Dans le cas du projet SALSA, animer un processus de co-conception-expérimentation d’outils d’analyse des fermes a permis de développer conjointement l’outil en tant qu’heuristique pour penser l’action des conseillers et des agriculteurs dans la transition, mais également de faciliter la transformation de la relation entre eux vers une relation accompagnants-accompagnés (Chapitres 2 et 4). Dans le cas du projet SALSA, cela a également permis de construire de nouvelles coordinations entre différents conseillers qui travaillent habituellement séparément et n’interviennent pas ensemble dans les fermes (Chapitre 2). Enfin, pour les différents partenaires du projet, le fait que nous ayons poussé le processus vers une itération entre conception et usage a permis de faire collectivement l’expérience d’une autre manière de conduire un projet de recherche-développement en partant des attentes et des représentations des agriculteurs et en produisant des connaissances et des outils directement mobilisés dans les fermes par les agriculteurs pour la mise en œuvre de leurs propres changements (Chapitre 3). Hatchuel & Moisdon (1993) parlent d’apprentissage organisationnel lorsque le dispositif d’intervention permet de faire se confronter le modèle envisagé pour l’action avec les dispositifs d’action existants.
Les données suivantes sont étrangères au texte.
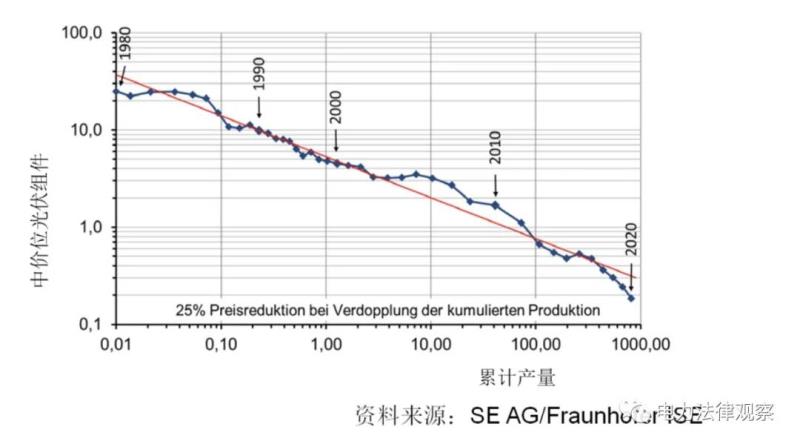 光伏組件價格不斷地下降,數(shù)量每翻一番價格就會下降25%(圖二),超過了德國價格控制模型中對光伏價格的預(yù)估。結(jié)果價格控制模型果然出了典型的風(fēng)險問題,即光伏發(fā)電補(bǔ)貼的數(shù)量失控。2009年以后,由于光伏發(fā)電補(bǔ)貼過多,造成電價迅速上漲(圖一中紅色曲線的第一次上升部分)。德國政府 2012年修改了價格控制模型中光伏價格的模型,降低了對光伏的補(bǔ)貼(圖一中紅色曲線的第一次平緩部分)。針對可再生能源的波動性引起的電力系統(tǒng)平衡能量逐漸地增多,德國政府又對可再生能源上市實(shí)行了義務(wù)制和獎勵制,發(fā)揮了具有自平衡機(jī)制的電力市場的作用,減低了對電力系統(tǒng)平衡能量的需求[3],但是能源密集型產(chǎn)業(yè)的免稅使分?jǐn)偟狡渌I(yè)和居民的電費(fèi)成倍上漲(圖一中紅色曲線的第二次上升部分)。當(dāng)時德國政府的定價原則是補(bǔ)貼應(yīng)高于現(xiàn)貨市場價格。由于可再生能源越來越多,現(xiàn)貨市場價格下降得越厲害,所以大多數(shù)可再生能源的持有者還是選擇繼續(xù)拿補(bǔ)貼。雖然平衡市場有了一直激勵的機(jī)制,但現(xiàn)貨市場仍然沒有什么起色,也沒有解決電價居高不下的困局。德國政府2014年不得不又重新修訂可再生能源法,要求自備電廠也必須繳納可再生能源能源“稅”(能源密集型產(chǎn)業(yè)除外),限制不合理的“避稅”的情況。

Cependant, on peut s’interroger sur la pérennité de ces apprentissages au-delà du projet et notamment la capacité qu’auront les partenaires à se ressaisir de cette expérience collective dans leur propre pratique. En effet, quelles capacités ont les organisations locales de conseil elles-mêmes d’organiser des espaces de réflexivité et d’expérimentation engageant conseillers et éleveurs dans le test de nouvelles façons de faire ? Le cas de la transition agroécologique est en effet complexe car il implique une transformation conjointe de l’activité des agriculteurs et des conseillers, dans le cadre

137 de projets susceptibles d’embarquer une diversité d’acteurs locaux aux attentes et aux activités variées. Cela m’amène en dernier lieu à m’interroger sur le type de dispositif d’accompagnement de ces processus à développer à l’échelle locale. Qui finalement est en mesure d’assurer une fonction d’accompagnement de ces processus ? On touche ici de mon point de vue à une limite de la proposition conceptuelle de dialogue entre conception et usage des outils de gestion dans une perspective pragmatiste pour l’accompagnement de la transition agroécologique. Si ce dialogue doit être permanent pour permettre une adaptation et un apprentissage des concepteurs et des utilisateurs, leur permettant ainsi de gérer la complexité et l’incertitude des situations de transition, quels moyens cognitifs, humains et financiers les organisations de développement ont-elles pour développer ce type de démarches sur le long terme, en plus de leurs activités quotidiennes, alors qu’elles sont elles-mêmes aux prises avec une problématique d’évolution de leurs activités et services ? Il me semble qu’il est nécessaire d’aborder cet accompagnement comme une fonction distribuée entre plusieurs acteurs et de s’interroger sur la gouvernance collective de tels dispositifs. C’est ce que je ferai dans une dernière partie de ma discussion, en revenant sur la démarche mise en place au sein du projet SALSA.